Monday, 20 November 2017

pg_chameleon v2.0.0.alpha2 is out

Has been a while since I wrote a post on this blog.
I've been quite busy on coding pgchameleon's version 2.
I finally managed to release an alpha1 the 11th of November but this release had several issues which prevented the users to have real tests.
However, after a week of debugging I've released pg_chameleon v2.0.0.alpha2 which is now quite usable.

For a complete command line reference and an usage example click here.

The documentation now have a dedicated a page with the configuration file details explained.

Please note this pre-release and despite the changelog shows many fixes, there is still a lot of work to do.
Do not use it in production.

So, why pgchameleon v2 and why the version 1 can't be fixed?

Well, pg_chameleon started as an experiment and the version 1 was built without any clue on the architecture and what should be the final result.

This caused the version 1 to have several issues making very difficult to improve it without dismantling the existing logic.

Building up from fresh start required less time to reorganise the original in the correct way.
The code now is more modular, but is still not very pythonic.
My bad, I'm not a developer after all.

The major changes from the version 1 are the following.
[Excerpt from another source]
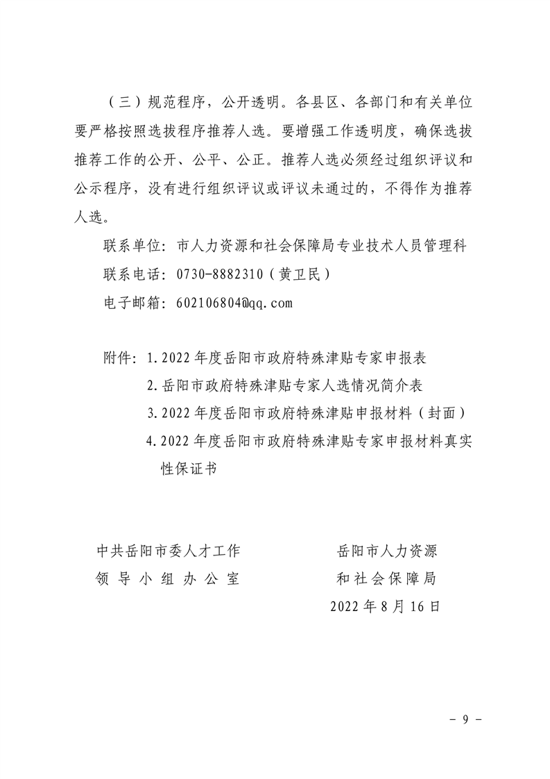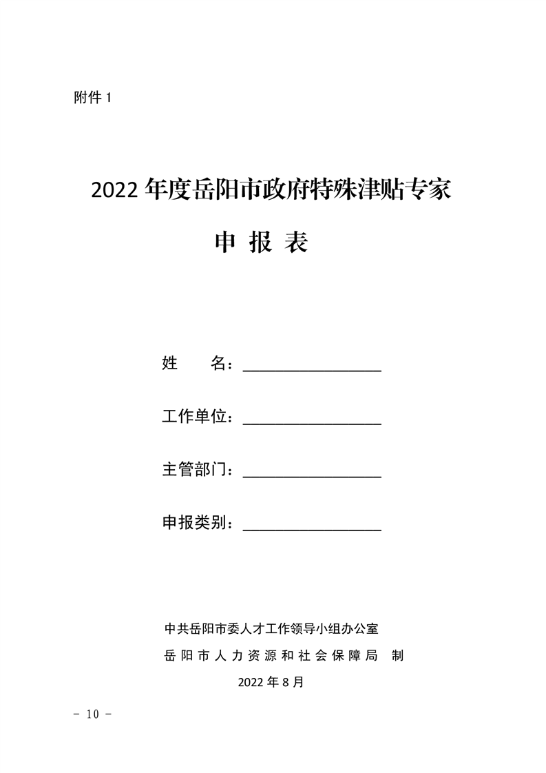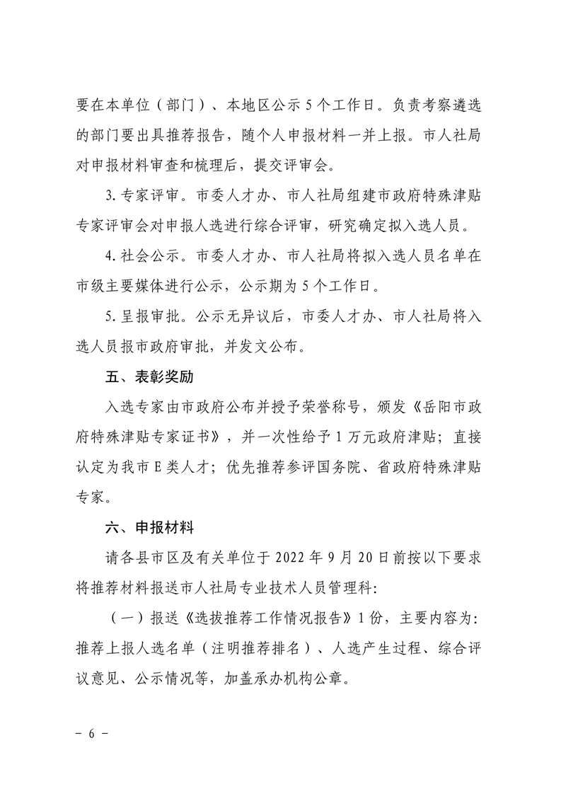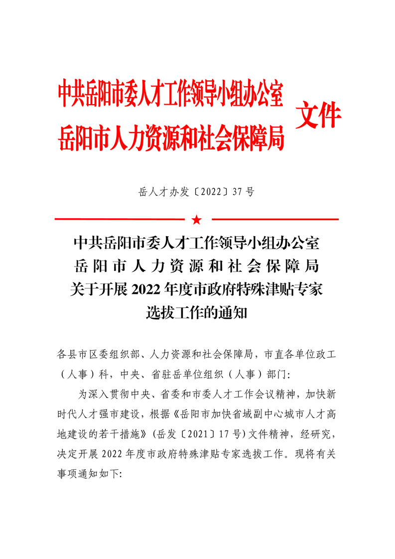 关于转发《中共岳阳市委人才工作领导小组办公室 岳阳市人力资源和社会保障局关于开展2022年享受市政府特殊津贴专家选拔工作的通知》的通知

  • Python 3 only development
  • Supports the replica from multiple MySQL schemas withing a single MySQL instance. The source's and target schema names can be different.
  • Conservative approach to the replica. Tables which generate errors are automatically excluded from the replica.
  • Daemonised init_replica process.
  • Daemonised replica process with two separated subprocess, one for the read and one for the replay.
  • Soft replica initialisation. The tables are locked when needed and stored with their log coordinates. The replica daemons will put the database in a consistent status gradually.
  • Rollbar integration for a simpler error detection.

The version 2 improves the display of the show_status command when a source name is specified.

There is also an error log in the replica schema which saves the exception's data during the replay phase.

The error log can be queried with the new command show_errors.

To install the version 2 please run.

python3 -m venv venv
source venv/bin/activate
pip install pip --upgrade 
pip install pg_chameleon==2.0.0a2

Release notes:

Please report any issue on github.

Wednesday, 23 August 2017

Happy birthday pg_chameleon

Today is one year since I started working seriously on pg_chameleon.
With this commit I changed the project's license to the 2 clause BSD and the project's scope, evolving the project into a MySQL to PostgreSQL replica system.

Initially this change was just a try. I needed to synchronise the data between MySQL and PostgreSQL and at that time the only option I had it was to use the MySQL foreign data wrapper, eventually to copy the data locally every now and then. However, because the previous implementation relied on a MySQL replica this approach approach wasn't really feasible.

If you are curious about the background story and how we scaled the analytics database  in Transferwise you can read it here.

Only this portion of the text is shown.